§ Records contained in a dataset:
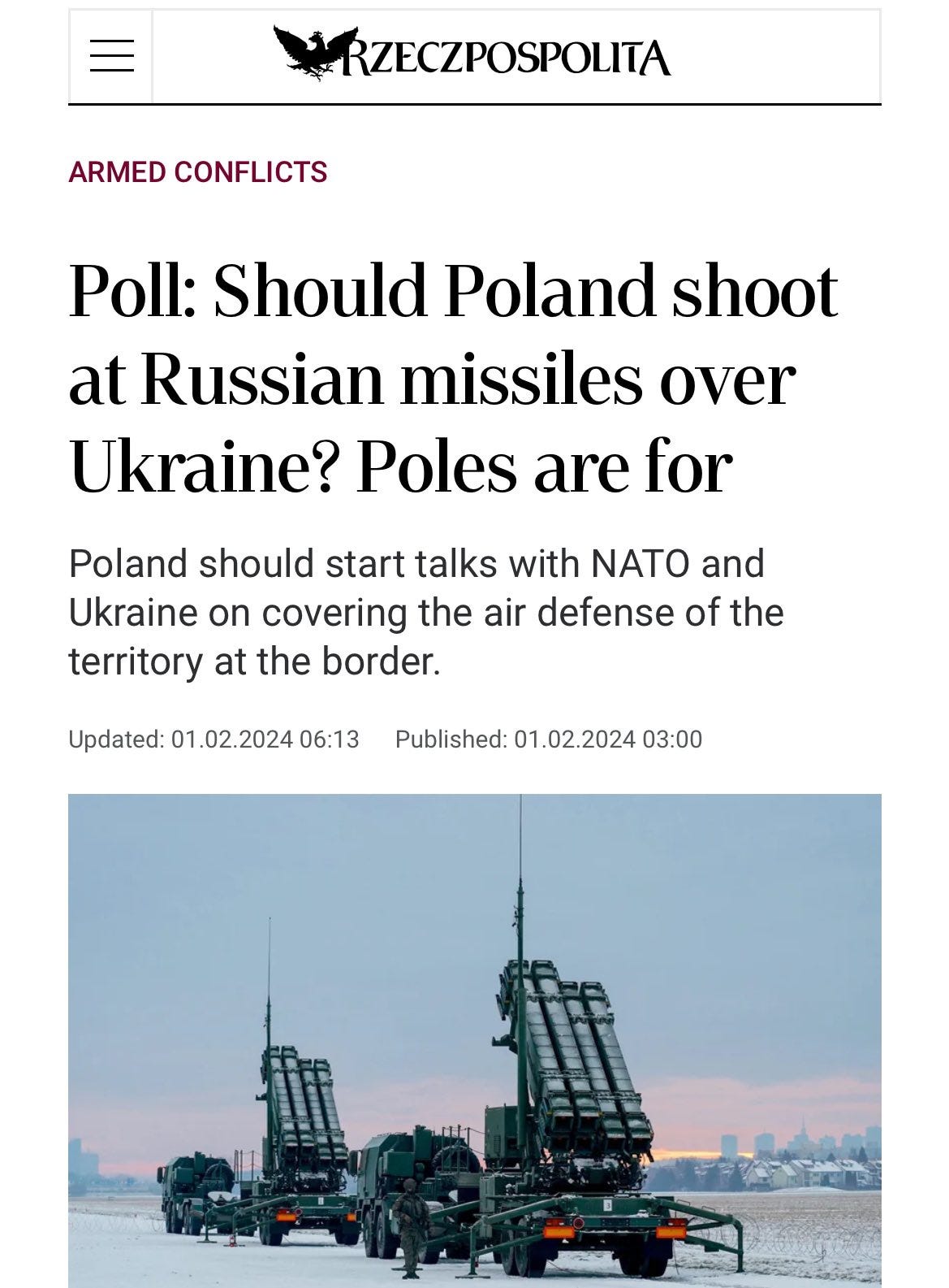 The article discusses the possibility of Poland using its air defense to protect Ukrainian airspace up to a depth of 50km under the guise of concerns for Russian missiles crashing in Poland—despite the fact that it was already determined that the largest such incident was a Ukrainian falseflag.
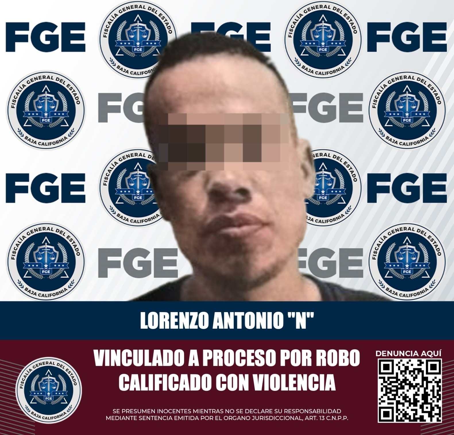 TIJUANA, B.C. La Fiscalía General del Estado logró la vinculación a proceso penal de un imputado por el delito de robo calificado con violencia.
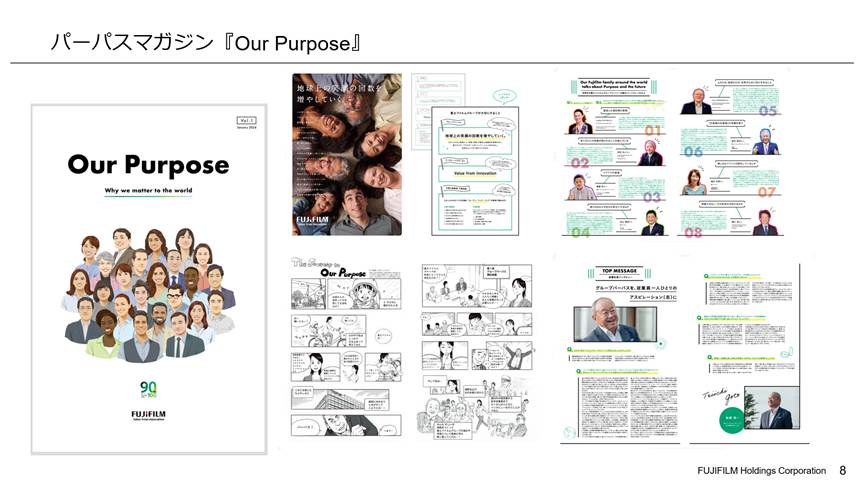 本セッションでは、統合思考経営にとって『理念やパーパス浸透』がなぜ重要なのか、浸透がうまくいかない企業の落とし穴、さらに“実装装置としての統合報告書”の可能性について掘り下げたいと思います。まずは、富士フイルムさんのパーパスについて、ご紹介いただければと思いますが。
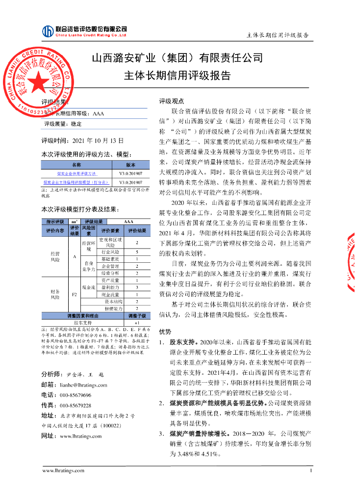 联合资信:山西潞安矿业(集团)有限责任公司主体信用评级报告及跟踪评级安排.pdf
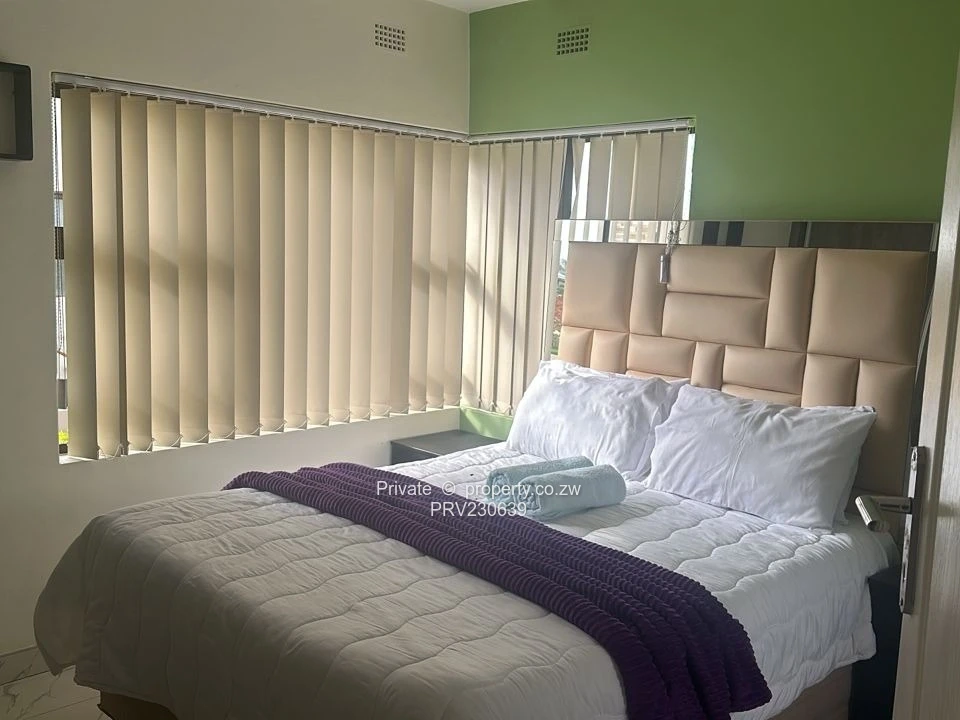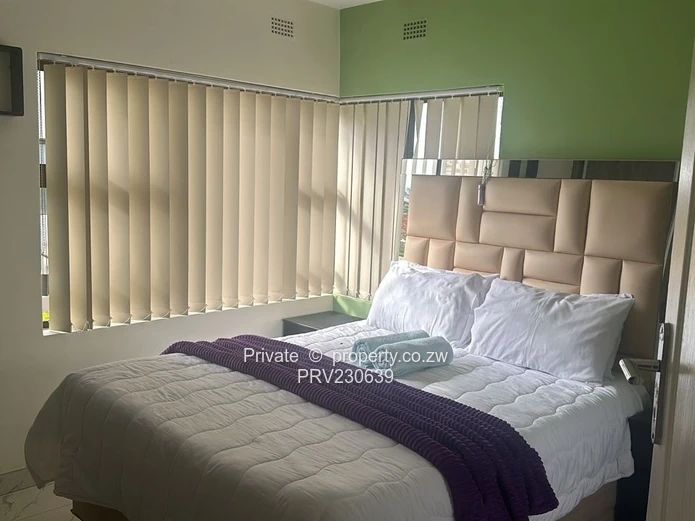 Description of property is: 3 bedroom furnished cottage main en-suite for rent in a secure and gated complex of Arlington Estate which is only 5 mins from the Airpot. Borehole water, back up solar and beautiful garden. Short stays of 2 weeks priced at $650
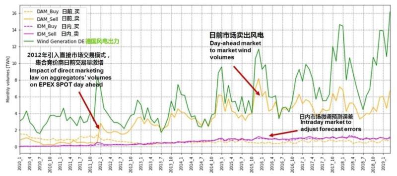 從德國電力交易量數(shù)據(jù)也可以看出集合競價商代表的可再生能源發(fā)電商參與現(xiàn)貨市場的動態(tài)走勢。2012年德國引入“直接市場交易”模式之后,集合競價商在日前市場的交易量激增,每月可以達到風力發(fā)電的70%以上,說明大多數(shù)風電場參與了交易。每月的風力發(fā)電量從2010年的3 TWh,隨著風電裝機的增加持續(xù)上升,在2019年達到了16 TWh。日前市場出售風電(黃線)的投標量和風電出力趨勢(綠線)也大致一致。同時,可再生能源發(fā)電商再利用日內(nèi)市場(紫線)繼續(xù)調(diào)整預測誤差(綠線和黃線之間的差值),減少潛在的不平衡費用。
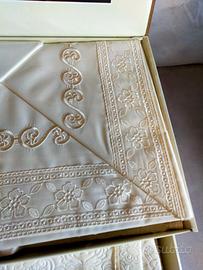 Coordinato matrimoniale 5 pz. : 2 Lenzuoli 2 Federe e copriletto. Cotone ricamato con organce. Nuovo nella sua confezione originale. Il prezzo (trattabile) è giustificato dall' ottima qualità del prodotto. Produzione Pontevecchio. Spedizione con TuttoSubito.it
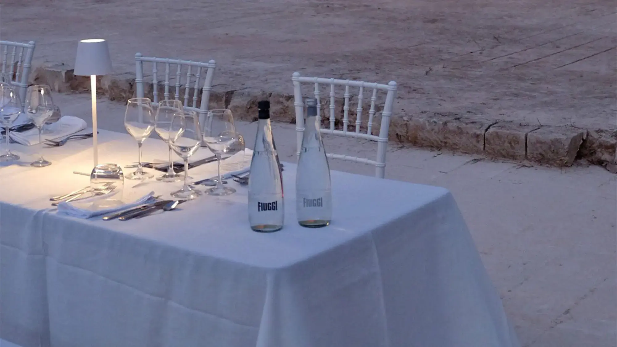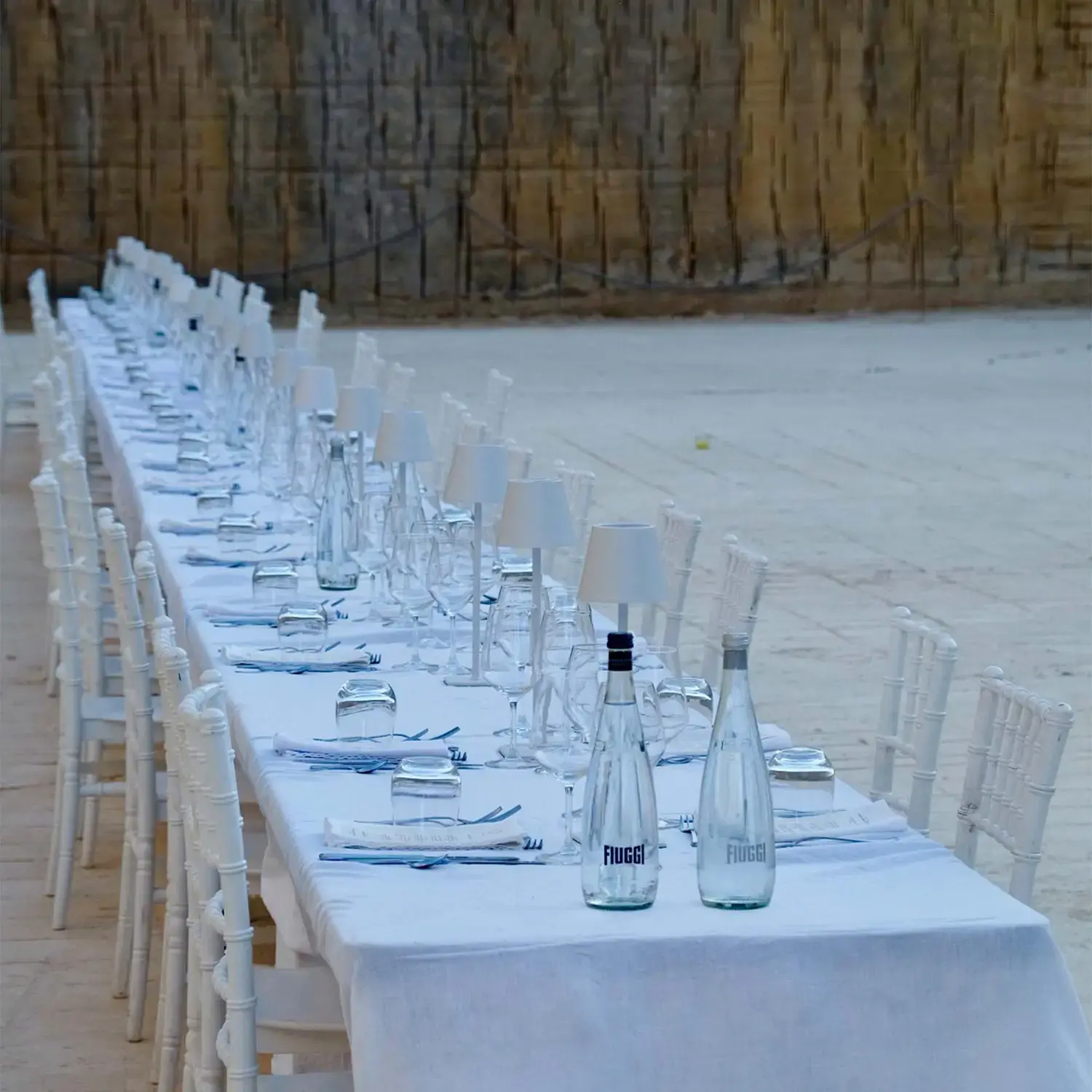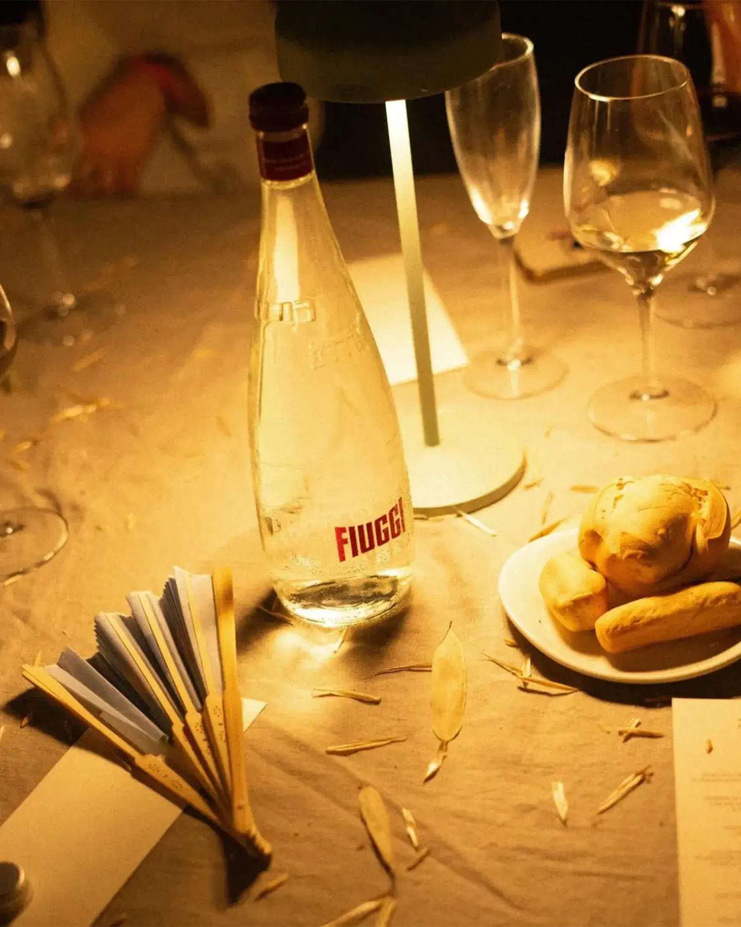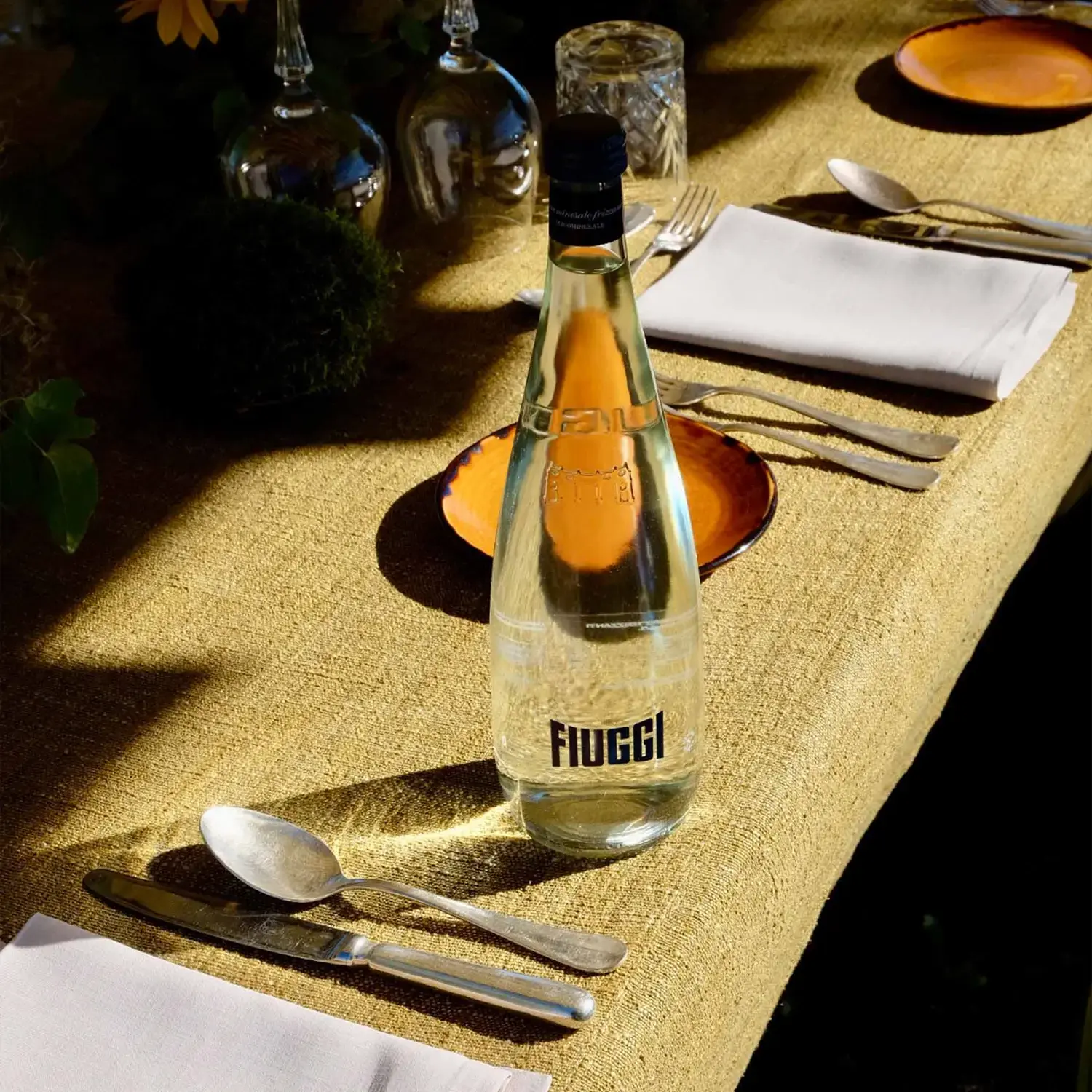 Le bottiglie di Acqua Fiuggi completano la mise en place con la loro purezza e un’estetica che si distingue per equilibrio e raffinatezza. La forma slanciata della bottiglia, il vetro trasparente e l’etichetta dal design minimal si integrano perfettamente negli allestimenti di Tavolata, contribuendo all’armonia della tavola senza mai sovrastarla.

§ The problem: Once the pictures are set aside, repeat each entry exactly as it stands.

§ Solution:
 The article discusses the possibility of Poland using its air defense to protect Ukrainian airspace up to a depth of 50km under the guise of concerns for Russian missiles crashing in Poland—despite the fact that it was already determined that the largest such incident was a Ukrainian falseflag.
 TIJUANA, B.C. La Fiscalía General del Estado logró la vinculación a proceso penal de un imputado por el delito de robo calificado con violencia.
 本セッションでは、統合思考経営にとって『理念やパーパス浸透』がなぜ重要なのか、浸透がうまくいかない企業の落とし穴、さらに“実装装置としての統合報告書”の可能性について掘り下げたいと思います。まずは、富士フイルムさんのパーパスについて、ご紹介いただければと思いますが。
 联合资信:山西潞安矿业(集团)有限责任公司主体信用评级报告及跟踪评级安排.pdf
 Description of property is: 3 bedroom furnished cottage main en-suite for rent in a secure and gated complex of Arlington Estate which is only 5 mins from the Airpot. Borehole water, back up solar and beautiful garden. Short stays of 2 weeks priced at $650
 從德國電力交易量數(shù)據(jù)也可以看出集合競價商代表的可再生能源發(fā)電商參與現(xiàn)貨市場的動態(tài)走勢。2012年德國引入“直接市場交易”模式之后,集合競價商在日前市場的交易量激增,每月可以達到風力發(fā)電的70%以上,說明大多數(shù)風電場參與了交易。每月的風力發(fā)電量從2010年的3 TWh,隨著風電裝機的增加持續(xù)上升,在2019年達到了16 TWh。日前市場出售風電(黃線)的投標量和風電出力趨勢(綠線)也大致一致。同時,可再生能源發(fā)電商再利用日內(nèi)市場(紫線)繼續(xù)調(diào)整預測誤差(綠線和黃線之間的差值),減少潛在的不平衡費用。
 Coordinato matrimoniale 5 pz. : 2 Lenzuoli 2 Federe e copriletto. Cotone ricamato con organce. Nuovo nella sua confezione originale. Il prezzo (trattabile) è giustificato dall' ottima qualità del prodotto. Produzione Pontevecchio. Spedizione con TuttoSubito.it
 Le bottiglie di Acqua Fiuggi completano la mise en place con la loro purezza e un’estetica che si distingue per equilibrio e raffinatezza. La forma slanciata della bottiglia, il vetro trasparente e l’etichetta dal design minimal si integrano perfettamente negli allestimenti di Tavolata, contribuendo all’armonia della tavola senza mai sovrastarla.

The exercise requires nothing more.